Additionally, I saw some language regarding "media type precision" in Verifiable Credentials work: https://www.w3.org/TR/vc-data-model-2.0/#media-type-precision which might also make sense to integrate into JSON-LD Best Practices language.

On the following language from https://w3c.github.io/json-ld-syntax/#protected-term-definitions as well: would a PR for this change make sense?

Note: By preventing terms from being overridden, protection also prevents any adaptation of a term (e.g., defining a more precise datatype, restricting the term's use to lists, etc.). This kind of adaptation is frequent with some general purpose contexts, for which protection would therefore hinder their usability. As a consequence, context publishers should use this feature with care.

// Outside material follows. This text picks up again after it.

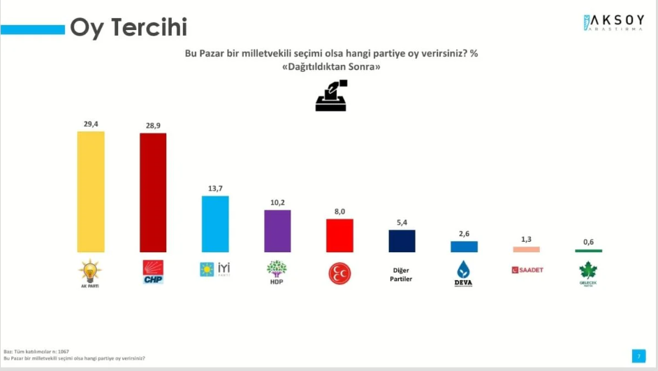 Aksoy Araştırma'nın sahibi Ertan Aksoy, yüzde 95 güven aralığında yüzde 3 hata payıyla bin 67 kişi ile gerçekleştirildiğini ifade etti.

In particular, using a protected context in a JSON-LD document significantly constrains the semantics and processing of that document beyond the constraints of generic JSON-LD. Specifications that make use of protected contexts should therefore consider defining a dedicated media type to which the protected context applies.

Apr 10 '25 07:04 trwnh

In particular, using a protected context in a JSON-LD document significantly constrains the semantics and processing of that document beyond the constraints of generic JSON-LD.

I don't think this statement is true. What is true is that you can't use a context with protection rules unless you comply with them. It doesn't mean that a document carrying such a context can't be processed by "generic JSON-LD consumers". Which is really the whole point: such a context allows for processing by both "specific/specialized JSON-LD consumers" and "generic JSON-LD consumers". A context without such protections can't be used in that way.

Specifications that make use of protected contexts should therefore consider defining a dedicated media type to which the protected context applies.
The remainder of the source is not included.